Both the Biden and Harris campaigns did not respond to a request for comment on this story.
Booker isn’t shying away from criticizing his rivals for differences in their views, but on the debate stage he also expressed concern about Democratic infighting and “pitting against progressives against moderates, saying one is unrealistic and the other doesn’t care enough.”
“The person that’s enjoying this debate most right now is Donald Trump, as we pit Democrats against each other,” he said at the debate.
Booker later explained that he isn’t against Democrats sharply articulating their policy disagreements. For him, it’s a matter of how they do it.

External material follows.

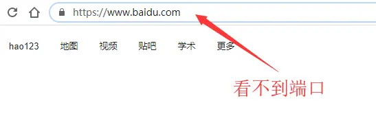 在实际使用中,我们往往是看不到端口的,因为很多服务的端口都是默认设定好的,我们不用刻意去看。比如我们访问百度时,实际使用的端口在地址栏上往往是看不到的:

“I am worried when I hear Democrats using the tired tropes of Republicans against other Democrats,” he said. “That to me is problematic because it reinforces this idea that Democrats are trying to take away something that you have or the ‘Democrats open borders,’ these kind of things. ... They don’t get the full truth.”
Booker said he tried to use that approach in his criticisms of Biden. He also emphasized that he previously spoke about their disagreements and didn’t give the leading Democratic candidate “a sucker punch.”
“You had people conflicting on issues. I thought it was done with civility,” Booker said. “I think the vice president reached out and touched me on the arm. ... It was more like these two guys have a lot of respect for each other.”